The way software is written nowadays, it wouldn't surprise me if unnecessary functions were performed even when they served no purpose. Anyone who's used a Microsoft product is familiar with this phenomenon. How much simpler would things be if you only created a text version when you wanted one?
It's possible that feature was on by default in whatever software was used to scan the BC, even though in this case it wouldn't be needed (and would have saved a lot of trouble if it had been turned off).
Proof of incompetence by someone, Nicht Wahr?
Again, without knowing what scanner and software were used, and how, this has to be just speculation.
Somewhere in one of these threads "Bushpilot1" (I think) posted a link that purports to show what software was used to create the document. If I recall properly, he said it was some Apple application. Supposedly this data was contained in the PDF file.
The answer would be (I think) that the OCR didn't recognize the first 'R' as an R, and so left it part of the background--i.e., it didn't try to extract and "read" it--probably because it was more gray than black. In the second instance, though, it grouped it with the text rather than with the background.

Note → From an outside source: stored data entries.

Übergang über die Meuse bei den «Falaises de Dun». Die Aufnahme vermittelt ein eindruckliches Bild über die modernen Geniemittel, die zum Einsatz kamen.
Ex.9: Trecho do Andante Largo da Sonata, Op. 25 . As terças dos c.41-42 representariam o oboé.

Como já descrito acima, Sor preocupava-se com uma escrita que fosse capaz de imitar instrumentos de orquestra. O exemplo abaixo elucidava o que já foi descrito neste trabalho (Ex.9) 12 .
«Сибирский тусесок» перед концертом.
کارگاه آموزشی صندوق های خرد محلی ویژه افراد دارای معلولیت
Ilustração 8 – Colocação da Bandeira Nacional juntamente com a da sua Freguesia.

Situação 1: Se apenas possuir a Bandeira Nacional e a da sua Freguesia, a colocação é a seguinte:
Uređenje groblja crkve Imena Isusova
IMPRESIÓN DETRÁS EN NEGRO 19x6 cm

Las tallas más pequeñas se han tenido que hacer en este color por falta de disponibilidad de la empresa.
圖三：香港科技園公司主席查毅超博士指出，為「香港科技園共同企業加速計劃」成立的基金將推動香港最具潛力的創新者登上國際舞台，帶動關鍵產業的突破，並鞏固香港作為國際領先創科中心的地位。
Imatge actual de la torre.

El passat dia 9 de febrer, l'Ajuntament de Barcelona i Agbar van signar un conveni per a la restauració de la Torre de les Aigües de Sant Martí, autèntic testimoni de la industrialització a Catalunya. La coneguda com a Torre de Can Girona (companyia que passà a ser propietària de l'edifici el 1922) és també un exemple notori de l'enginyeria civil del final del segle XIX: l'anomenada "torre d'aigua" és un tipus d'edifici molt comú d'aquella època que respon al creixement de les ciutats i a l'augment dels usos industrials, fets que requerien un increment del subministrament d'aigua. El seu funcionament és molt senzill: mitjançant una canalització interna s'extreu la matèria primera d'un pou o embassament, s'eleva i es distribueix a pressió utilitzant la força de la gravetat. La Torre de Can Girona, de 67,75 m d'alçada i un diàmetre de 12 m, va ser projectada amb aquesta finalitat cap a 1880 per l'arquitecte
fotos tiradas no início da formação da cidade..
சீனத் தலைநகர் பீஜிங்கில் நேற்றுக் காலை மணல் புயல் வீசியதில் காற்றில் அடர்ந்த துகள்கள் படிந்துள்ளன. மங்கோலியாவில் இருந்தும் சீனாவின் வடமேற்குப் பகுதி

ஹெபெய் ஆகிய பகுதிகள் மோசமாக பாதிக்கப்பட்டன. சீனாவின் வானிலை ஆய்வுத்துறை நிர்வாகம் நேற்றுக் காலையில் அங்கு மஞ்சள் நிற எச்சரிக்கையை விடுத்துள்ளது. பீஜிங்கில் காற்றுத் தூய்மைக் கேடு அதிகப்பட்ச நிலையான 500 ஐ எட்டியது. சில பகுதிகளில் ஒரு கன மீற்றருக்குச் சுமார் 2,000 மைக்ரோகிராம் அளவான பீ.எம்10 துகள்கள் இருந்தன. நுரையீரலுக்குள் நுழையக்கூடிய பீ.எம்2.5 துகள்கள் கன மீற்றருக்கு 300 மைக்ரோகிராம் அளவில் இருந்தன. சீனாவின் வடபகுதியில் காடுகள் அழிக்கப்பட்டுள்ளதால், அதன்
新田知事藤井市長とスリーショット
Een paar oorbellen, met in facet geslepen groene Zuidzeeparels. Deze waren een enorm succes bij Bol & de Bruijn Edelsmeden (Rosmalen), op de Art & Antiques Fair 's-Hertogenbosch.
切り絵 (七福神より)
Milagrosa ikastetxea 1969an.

I think that theory does nothing to explain why the pixels of the "R" are 4 times the size of the pixels of all the other letters. If it thought it was part of the background, it would use the default pixel size. I argue that the destination surface was of uniform size, and the software copied what it saw using 4 pixels of the destination surface for every pixel of the source image. The question is, how could it "see" pixels four times larger (and with different bit depth) on one character and not any others?
I see this as the "smoking gun" of a paste up. It is not the only peculiarity.

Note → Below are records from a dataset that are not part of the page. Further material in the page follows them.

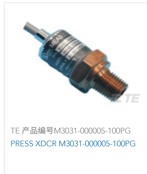
TE 产品编号M3031-000005-100PG PRESS XDCR M3031-000005-100PG
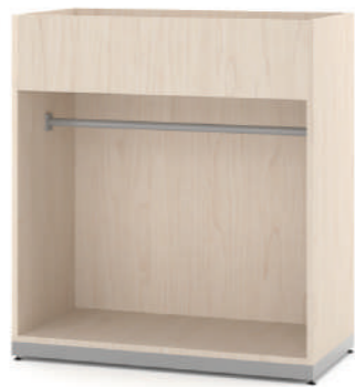
Armário Fantasia Baixo L x A x P 90 x 100 x 45
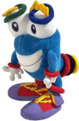
Figura 7 – O sorriso como elemento de semelhança entre as figuras do Sátiro e do mascote Izzy –dos Jogos Olímpicos de 1996 em Atlanta.
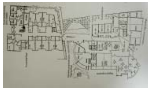
그림 1. 평면도

노인을 위한 모든 재가의료보건복지시설들을 통합하여 하나의 콤플렉스로 계획된 Viernheim의 노인종합복지회관에 계획된 지역보건지원소이다.
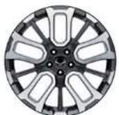
جنوط ألومنيوم مقاس 20 بوصة
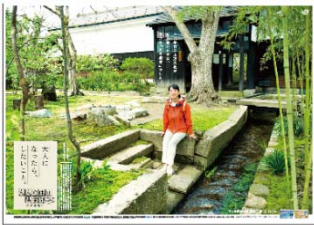
長井・山の港町篇(イメージ)
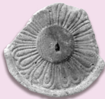
軒丸瓦(禪興寺跡) [泉佐野市教育委員会蔵]
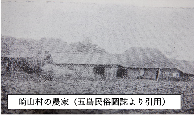
崎山村の農家（五島民俗圖誌より引用）

大正7年 へんさん 編纂の崎山村郷土誌には、「今より二三十年前まで、大部分草葺 くさぶき の家にすみたりしが、生活程度 こうじょう の昂上せしと、毎年数度の祝融の災ありて、草葺の家は類焼の難に遇ひしより各区域一團となり瓦家講を盛り立て、講金を與て瓦家を改築又は新築するの資に充てしめ漸次 ぜんじ 瓦家となり、今日にては村中に一軒も草葺の家なきに至れり。」とあることから写真の農家は明治30年代の家であろうか。
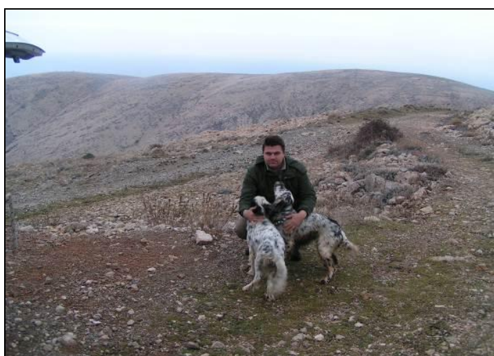
Slika 17: Pogled na jugozapadni dio otoka Krka- lovište VIII/17 Punat
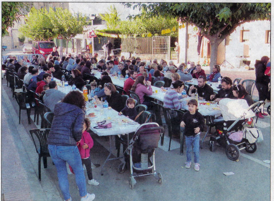
Bon i participatiu esmorzar, el que es va oferir.

Aquest aniversari va ser organitzat per l'Ajuntament i la Colla de Gegants locals, amb la col·laboració de l'Assemblea, cat de Blancafort.
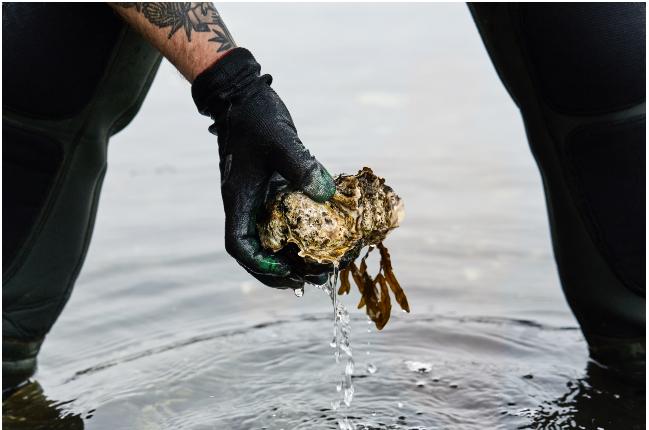
Stillehavsøsters plukket på Håøya.

Biomassen den skaper i løpet av sesongen synker til slutt ned og legger seg som et teppe over havbunnen og er med på å skape et oksygenfattig miljø for livet der nede (Rueness, 2021).
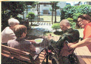
テラスに出て日向ぼっこ
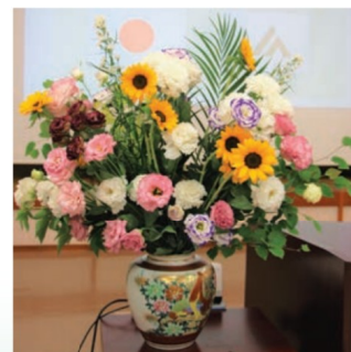
JA長崎せいひ産花きを使用した式典花
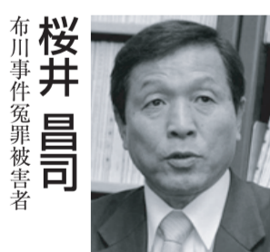
布川事件冤罪被害者
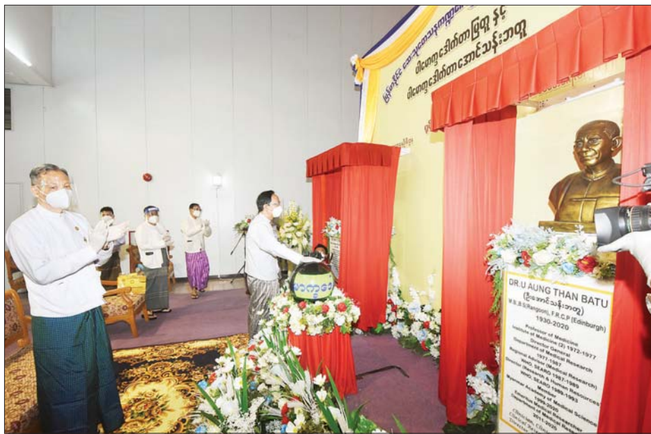
ပြည်ထောင်စုဝန်ကြီး ဒေါက်တာသက်ခိုင်ဝင်း မြန်မာနိုင်ငံ ကျန်းမာရေးဆိုင်ရာ သုတေသနညီလာခံ ရွှေရတုအထိမ်းအမှတ်အဖြစ် ဆေးသုတေသနဦးစီးဌာန၏ လက်ဦးတည်ထောင်သူ ပါမောက္ခဒေါက်တာ မြတူနှင့် ပါမောက္ခဒေါက်တာအောင်သန်းဘတူတို့၏ ရုပ်တုကို ဖွင့်လှစ်ပေးစဉ်။

ကမ္ဘာ့ကပ်ရောဂါ ကိုဗစ်-၁၉ ရောဂါတတိယလှိုင်းအား တိုက်ဖျက်ရာတွင် နိုင်ငံတော်စီမံအုပ်ချုပ်ရေးကောင်စီ၏ ဦးဆောင်လမ်းညွှန်မှုဖြင့် ကျန်းမာရေးဝန်ကြီးဌာန၏ အလေးထားဆောင်ရွက်ခဲ့မှု၊ ပုဂ္ဂလိကကဏ္ဍများ၏ ပံ့ပိုးကူညီဆောင်ရွက်ခဲ့မှု၊ ပြည်သူလူထု၏ ကျန်းမာရေးအသိပညာ ပိုမိုနားလည်သဘောပေါက်မှုများဖြင့် ပူးပေါင်းပါဝင် ဆောင်ရွက်ခဲ့ကြမှုများကြောင့် ကျော်လွှားခဲ့နိုင်ခြင်းကို မီးမောင်းထိုးပြသနိုင်ရန်ရည်ရွယ်ကာ ယခုနှစ်သုတေသနညီလာခံ၏ အဓိကသုတေသန ဦးတည်ချက်ခေါင်းစဉ် (Theme) အဖြစ် “မျှဝေစား၊ အသိတိုးပွား၊ ကိုဗစ်တတိယလှိုင်းအတွေ့အကြုံများ (Response to COVID-19 in Myanmar: Reflection after the Third Wave)” ဟု သတ်မှတ်ထားခြင်းဖြစ်ပါကြောင်း၊ နီးနှောဖလှယ်ပွဲတို့ကို သုတေသီများ၊ ကျွမ်းကျင်
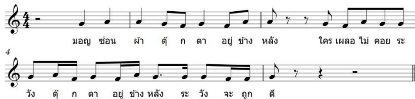
ภาพที่ 3 โน้ตเพลงการละเล่นมอญซ่อนผ้าแบบที่ 3

5.1.3 การละเล่นมอญซ่อนผ้า แบบที่ 3 ชุมชนบ้านโพธิ์พระยา ตำบลโพธิ์พระยา อำเภอมือง จังหวัดสุพรรณบุรี จากการศึกษาการละเล่นมอญซ่อนผ้า แบบที่ 3 ผู้วิจัยสามารถแบ่งหัวข้อการวิเคราะห์โครงสร้างของเพลงที่ใช้ประกอบการละเล่นมอญซ่อนผ้า แบบที่ 3 ตามองค์ประกอบที่ตั้งไว้ ดังนี้
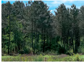
forêt du Landais
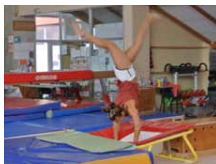
■ 22 octobre Stage de gym des vacances de la Toussaint
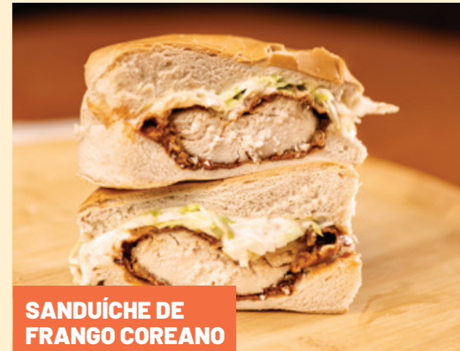
SANDUÍCHE DE FRANGO COREANO

Probably just lack of awareness. We don't know where the scan was made, but it was probably at the Hawaii DOH, Obama's lawyer's office, or the WH. In all cases, I can see the IT person installing the document archiving system and turning on the OCR part, because 90% of the time, that's what they'd want and they don't want the user to have to think about it. In this case, the user didn't think about it.

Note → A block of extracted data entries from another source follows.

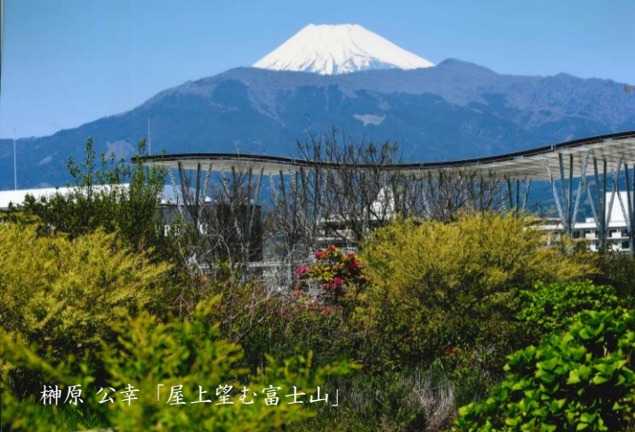
榊原 公幸「屋上望む富士山」
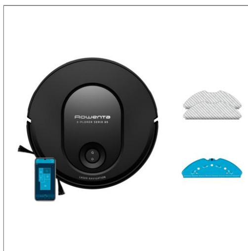
X-PLORER Serie 65, Aspirateur robot laveur, Nettoyage méthodique Aspirateur robot RR8L65WH
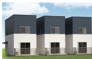
栃木市西方町金崎/3棟 平成24年完成(満室)
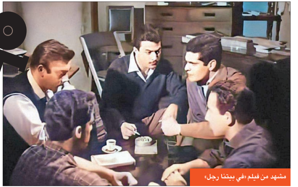
مشهد من فيلم «في بيتنا رجل»
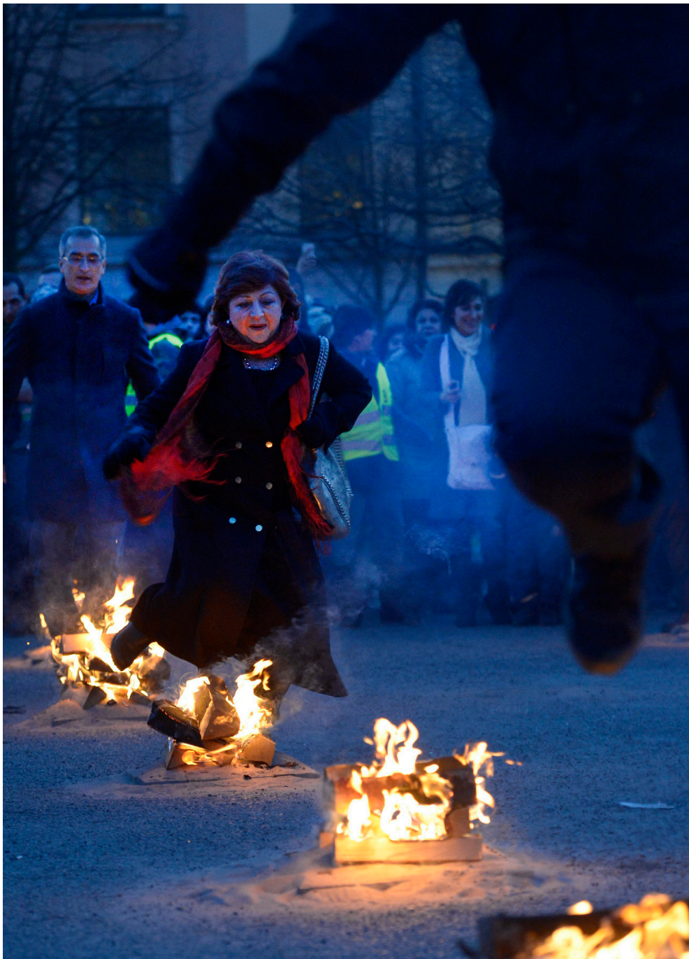
Eldfesten, den stora höjdpunkten under det persiska nyåret, lockar allt fler för varje år. Firandet på Skansen i Stockholm samlar omkring 30 000 personer och direktsänds på TV.
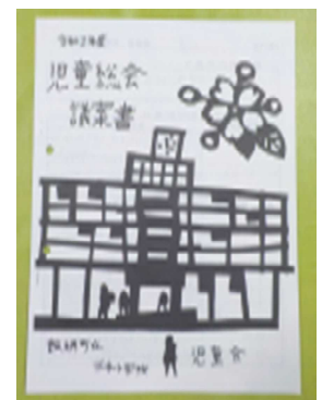
【児童総会の議案書】

1月28日(木)に、選挙管理委員会が中心となって立会演説会(3～6年生参加)を行いました。2名の候補者は、「こういう三水小学校にしたい」と自分なりの考えや決意を、そして、各推薦責任者は候補者の推薦理由をそれぞれ述べました。その後、一人一票を真剣な表情で投じ、児童会長、副会長が決まりました。また、2月18日(木)に、第1回の児童総会が行われました。例年4月に行われる第1回児童総会ですが、臨時休業のため中止でした。今年度は、6月に議案書を配付し、質問や意見を聞いたうえで1年間の活動を承認してのスタートでした。6年生にとっては、最初で最後の児童総会でした。初めて児童総会に参加した3年生にとっては、堂々と発表や発言をする先輩たちを頼もしく感じたことでしょう。4・5年生にとっては、高学年の自覚を更に高めたことでしょう。
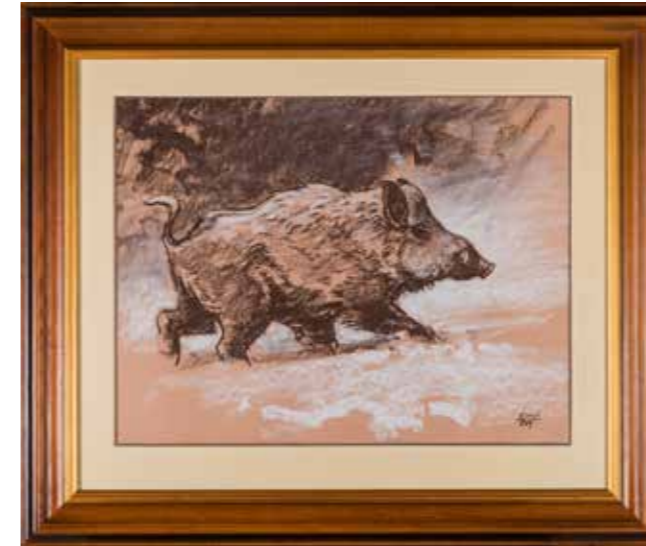
70 - Ecole Française du XXe siècle Sanglier Dessin et réhaut de blanc Signé en bas à droite SZUN MINOCH? 38 x 50 cm
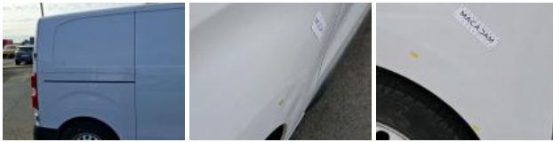
Porte coulissante D, Mauvaise réparation, LI - Réparer et peindre (complet)
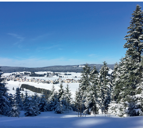
Aussicht auf L'Auberson. Dahinter die weiten Wälder des französischen Juras.

Gîte rural du Mont-des-Cerfs, 024 454 24 69 Restaurant de la Gittaz, 024 454 38 38

Somewhere in one of these threads "Bushpilot1" (I think) posted a link that purports to show what software was used to create the document. If I recall properly, he said it was some Apple application.
It's not really an application, it's a PDF handler built into OS X--I think it's what lets any Mac application "print" a PDF file. It doesn't tell us what software was used for scanning, or even for printing the PDF. I do know (I'm a Mac user) that there's a filter for "Reduce File Size" when you're creating a PDF in at least one Apple program--I don't know exactly what it does, though.
I think that theory does nothing to explain why the pixels of the "R" are 4 times the size of the pixels of all the other letters. If it thought it was part of the background, it would use the default pixel size.
It would be because after the letters were extracted from the background, the background was "downsampled" to a lower resolution. That "expert" I pointed you to before (I'm only using quotes because it's WND that labeled her an expert--I can't vouch for her myself) wrote:
The use of OCR software and image optimization have a number of other effects on documents. Each of these issues, which can result from OCR or optimization processing, may have led to the appearance of tampering and manipulation, and accusations of forgery.Pixel size: In any scanned image, pixels are all the same size. Pixels in the Presidents birth certificate, however, are not. The pixels around the optimized text are a much smaller size than the background pixels.